DVD and Conquer

Reviews by Richard Corliss

Spike Jones: The Legend

Spike Jones, 1961.
Everett
Article Tools

Infinity Entertainment
Available Oct. 30; List Price $49.98

The official musical iconoclasts of the '40s and '50s, Spike Jones and the City Slickers had a bunch of hit 78s — "Cocktails for Two," "Laura," "Chloe" — that would subject some sonorous ballad to a double-time assault of cowbells, washboards and braying brass. Or they'd ride a novelty number like "Der Feuhrer's Face" or "All I Want for Christmas (My Two Front Teeth)" to million-selling records. Or they'd take the work of semi-classical composers and decompose them. Spike and his comic-kazies stormed the country in the Musical Depreciation Revue, and appeared frequently on radio. But their musical slapstick, as much visual as aural, was made for TV. This four-disc set offers remastered kinescopes of four hour-long variety shows from 1951-52. It's tonic sonic mayhem.

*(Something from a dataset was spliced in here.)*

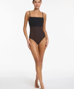 Jets Women’s One Piece Swim Versa Tank One Piece – Black/chocolate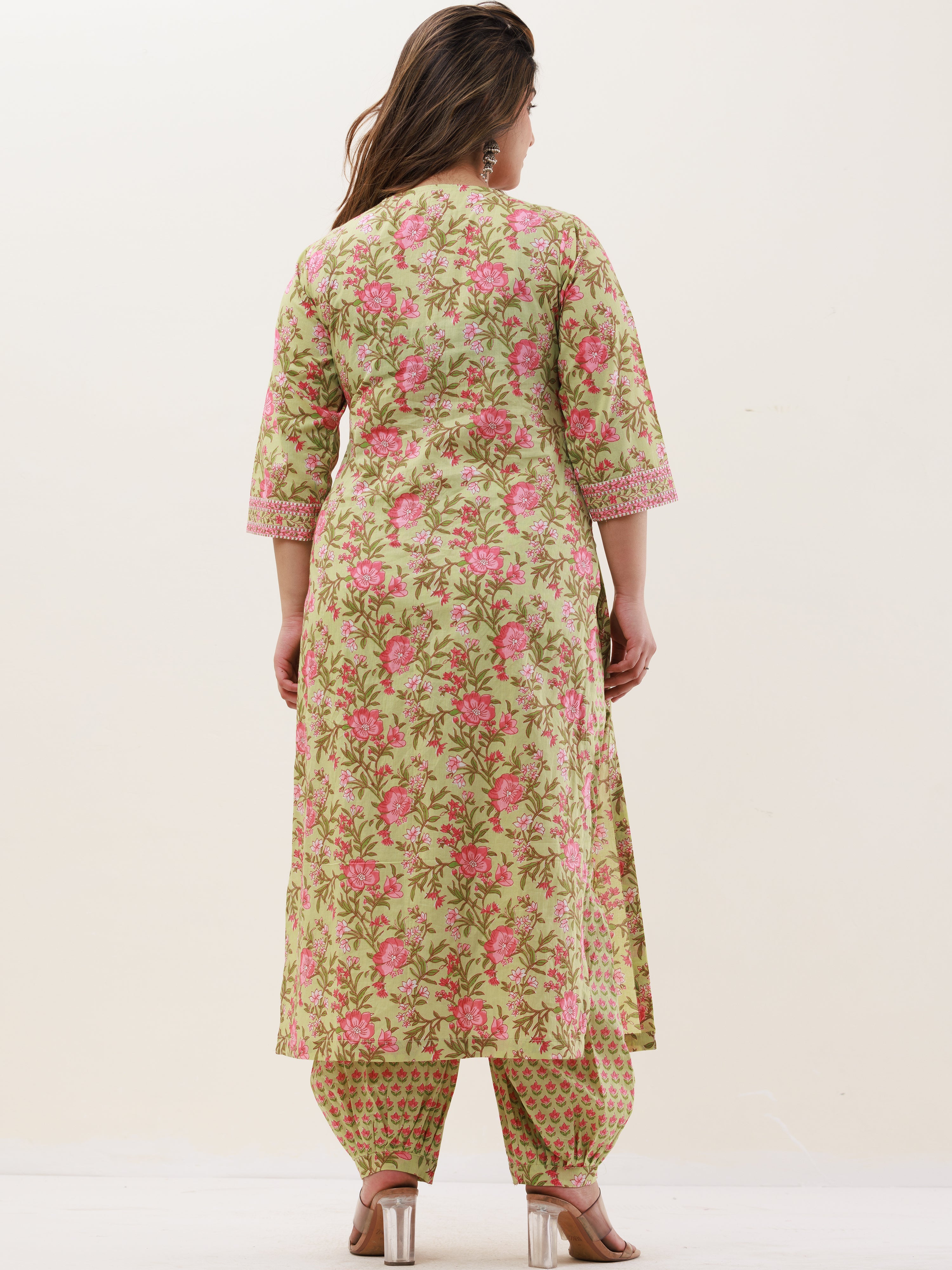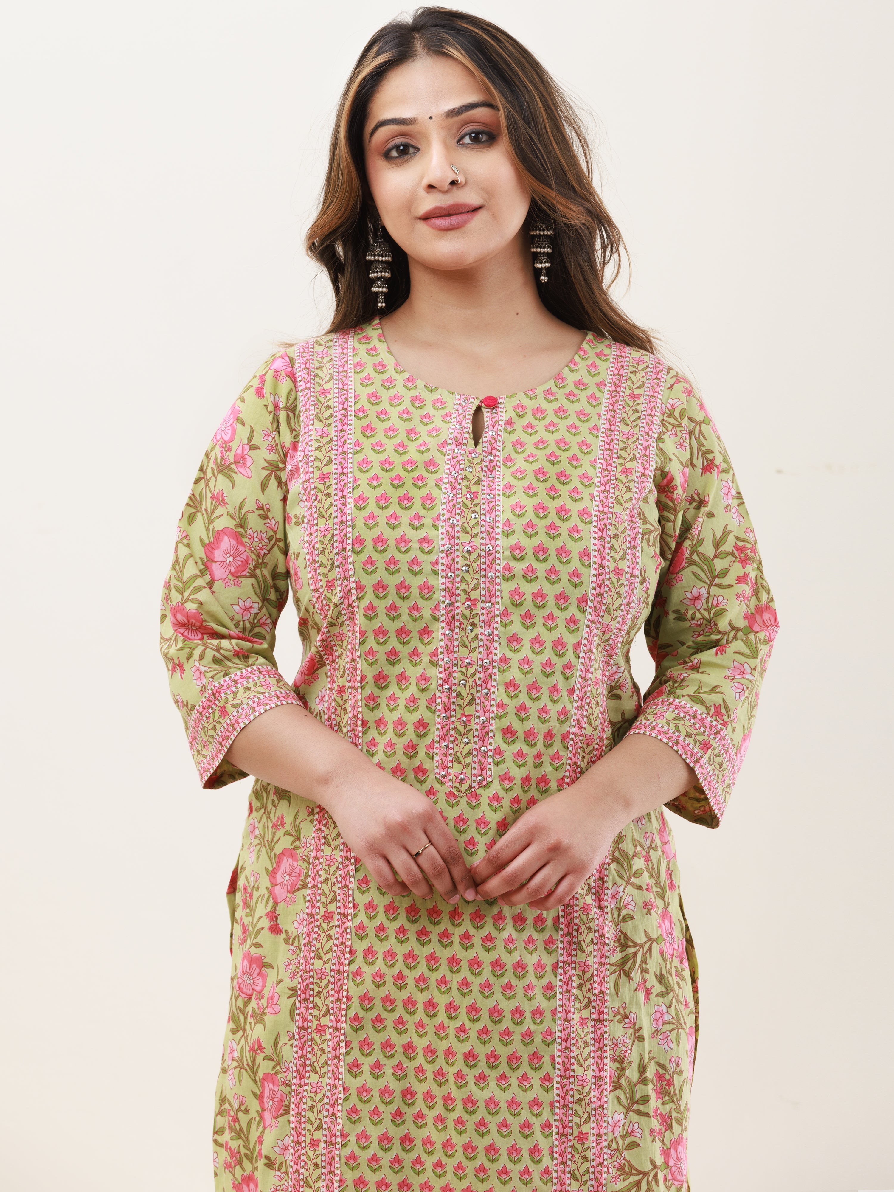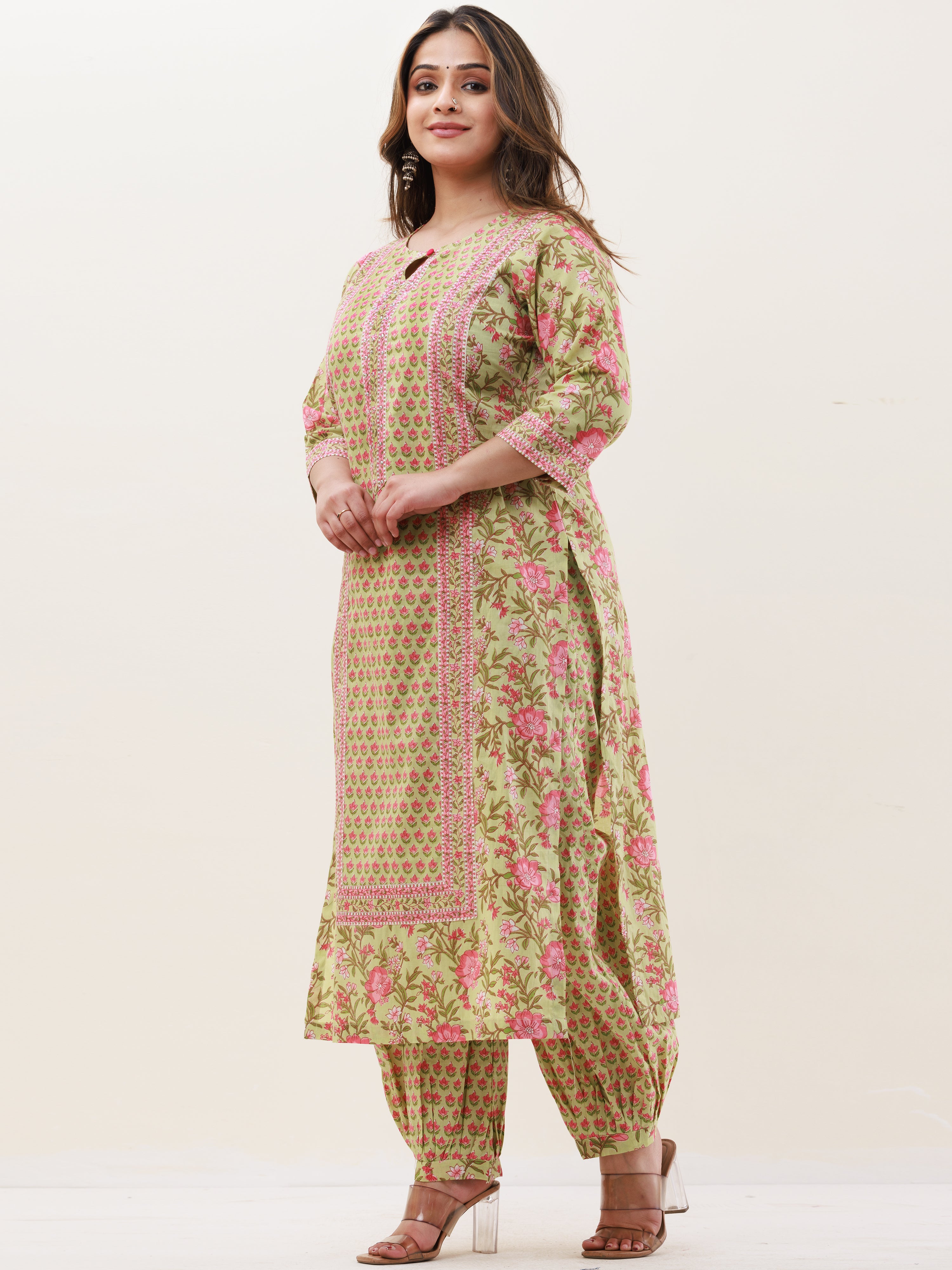 Product: This set contains Handcrafted Sanganeri Premium Cotton Kurta, 100% Cotton Pants and Cotton Mul Mul Dupatta.

Spike, a skinny gum-chewer with a Dead End Kid's sense of mischief and a suit of plaids that clashed as loud as his cymbals, pretended he and his gang were musical ignoramuses. On one show he's handed a sheaf of sheet music and deadpans, "I often wondered what this stuff looked like." But parody requires precision, not passion, and these guys were expert song-wreckers. As he tells Charles Collingwood on a 1960 Person to Person: "If you could plan musical mistakes — possibly sound effects in the place of notes to musical arrangements — you might be able to get some laughs out of people." Every goof was minutely calibrated; most of the band's ad libs had been perfected in rehearsal. On live TV, of course, things could go genuinely wrong: a prop doesn't work or, in a Snow Crop commercial, the waffles don't toast and Spike has to eat them frozen. (The announcer for commercials on another show is the young Mike Wallace.)

Spike's orchestrated chaos was a video-ready mix of Olden & Johnson vaudeville and the surreal sort of gags that Ernie Kovacs was perfecting on a local station in Philadelphia. One band member slaps his bass fiddle, spins it around and a dwarf jumps out of the back. As anarchy descends, a lady harpist in an evening gown placidly sits and knits. Spike shoots a cap pistol in the air, and a dozen rubber chickens fall from the flies. The ensemble shows up in drag to sing, "It's tough to be a girl musician, especially if ya happen to be a man." The set (which includes two 1945 radio shows and some reminiscences by surviving band members) is both a document of early TV and the best extant distillation of the band's lovely lunacy.